晩年の両親はいろんな動物を飼っていた。ある時は九官鳥であったり、ある時は亀であったり、ある時は猫であったりした。帰省する度に新たな家族が増えたり減ったり、入れ替わったりした。その猫は見慣れぬ私など気にせず炬燵の父にしっかりとスリスリし、父も「どこから来たかわからん」と言いながら満更ではなさそうな顔で餌をやるのであった。(2002年春詠)

道一つ外れ春子の榾並ぶ

「春子」は春に採れる椎茸。生家から二十メートルも行けば山に入る。たいていの道は知っているが、こんな所にと思うような所に覚えのない道があった。少し入ると行き止まり、深い日陰の中に椎茸の榾木が何列も並んだ場所に出た。ぷくぷくと丸いのや、開いたのや、瑞々しい椎茸が所狭しと生えていた。あまりに美味しそうなので、中でも美味しそうな所を見繕って数本頂いた。もちろん誰の山かは分かっているので、後でお礼をしておきました。(2009年春詠)

ふるさとは間近に笑ふ山ばかり

私の生家は小さな川を挟んで両側から山が迫ってくるような山の中にある。
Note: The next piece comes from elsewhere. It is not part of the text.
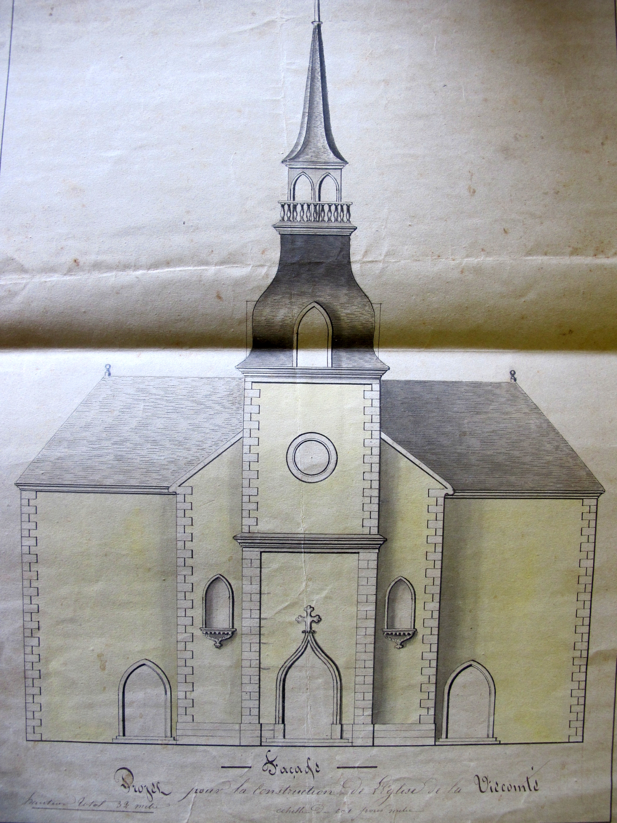 Elévation ouest, projet pour la construction de l'église de la Vicomté, par P. Launay, architecte à DinanImmatriculation

右を向いても山、左を向いても山、山の上に空があり、山の向うに知らない町がある。そんな幼少期だった。子どもたちは春になると弁当を持って連れ立ってお花見に出かけた。鴬が鳴きつつじの花咲く中でひとしきり遊ぶとお腹が空いてくる。時計を持っている訳ではなく、意見が一致したときがお昼となる。そもそも弁当が目的のようなものなので、食べるとすぐに帰途につく。そして、人里まで戻ってくると畑の大人たちに笑われるのである。時刻はたいてい午前10時か11時ごろだった。(2009年春詠)

日々の音こぼるる路地や豆の花

好きなものの一つに路地がある。路地には生活の音が溢れている。もちろん静かな路地もあるが、それは異次元への通り道のような路地で、そこを抜けるとツンと澄ました表通りとは違った世界が広がっているのである。路地を抜けると通りがあって、さらに次の路地があって、さらに通りがあって、というような迷子になりそうなところは特に好きだ。掲句は岡山市庭瀬城址吟行での句。新しい家と古い家が混在する住宅街、家の間を抜けると小さな畑があり、豌豆の花が咲いていた。日曜日の朝の音が零れていた。(2011年春詠)

花万朶空に日陰のなかりけり

数限りなく詠まれてきた桜をどう詠んでも類句類想の域を出ないだろう、とは思いつつ毎年詠んでしまいます。写真は毎日眺めて通る土手の桜です。引っ越して来たのも四月でした。私の背丈ほどの木が慎ましく花をつけていました。その木がこんなに立派になりました。私が見てきたぶんだけ桜も私を見てきたのだと、ふとそんな事を考えました。昨日が満開でした。(2010年春詠)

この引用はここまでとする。